我想在R.中按组查看组成员的流失/增长水平
我的数据:
year1 <-
tibble(people = c("Joe A", "Max X", "Sam M", "Jane K", "Doug K"), group = c(1, 1, 1, 2, 2))
year1 <-
tibble(people = c("Joe A", "Sam M", "Jane K", "Doug K", "Mike K", "Jen G", "Mohamad T"), group = c(1, 1, 1, 2, 2, 2, 2))
- 第一组失去了Max,但获得了从第二组移出的Jane
- 第二组失去了简,但获得了穆罕默德
有没有办法了解每年有多少人加入/离开一个团队,以及每年的百分比变化?
也许有更容易的选择,但你可以这样做:
year1 <- tibble(people = c("Joe A", "Max X", "Sam M", "Jane K", "Doug K"), group = c(1, 1, 1, 2, 2))

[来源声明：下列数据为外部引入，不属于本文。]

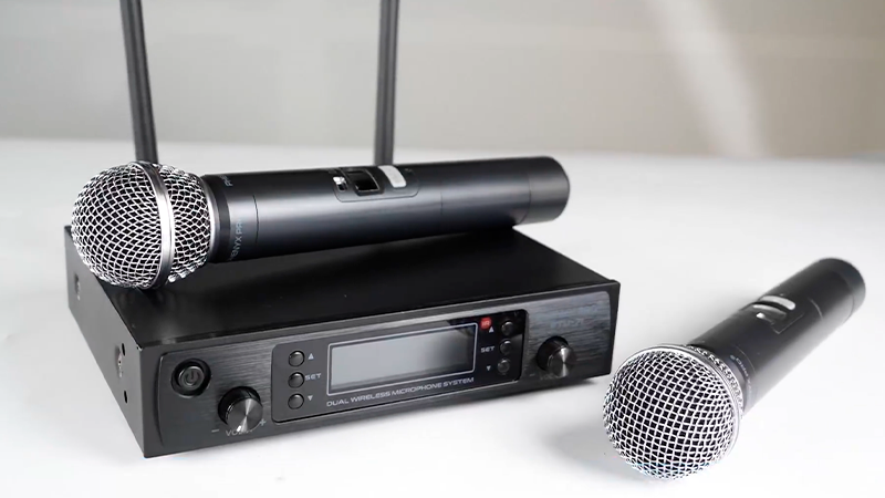 Además, cada micrófono funciona con 2 baterías tipo doble A, lo que permite utilizarlos durante varias horas. Cuando se agotan, basta con cambiar las pilas para seguir utilizándolo sin tener que esperar tiempos de carga. Esto resulta muy práctico para eventos largos, presentaciones o sesiones de karaoke con amigos.

year2 <- tibble(people = c("Joe A", "Sam M", "Jane K", "Doug K", "Mike K", "Jen G", "Mohamad T"), group = c(1, 1, 1, 2, 2, 2, 2))
library(tidyverse)
map(.x = unique(year1$group),
.f = ~ year1 |>
filter(group == .x) |>
mutate(year = 1) |>
bind_rows(year2 |>
filter(group == .x) |>
mutate(year = 2)) |>
summarize(group = unique(group),
joined = length(setdiff(people[year == 2], people[year == 1])),
left = length(setdiff(people[year == 1], people[year == 2])),
n_year1 = sum(year == 1),
n_year2 = sum(year == 2),
pct_change = n_year1 / n_year2)) |>
bind_rows()
# A tibble: 2 × 6
group joined left n_year1 n_year2 pct_change
<dbl> <int> <int> <int> <int> <dbl>
1 1 1 1 3 3 1
2 2 3 1 2 4 0.5
根据一些假设对代码进行了一些更改:
year1 <- tibble(people = c("Joe A", "Max X", "Sam M", "Jane K", "Doug K"), group = c(1, 1, 1, 2, 2), year = 1)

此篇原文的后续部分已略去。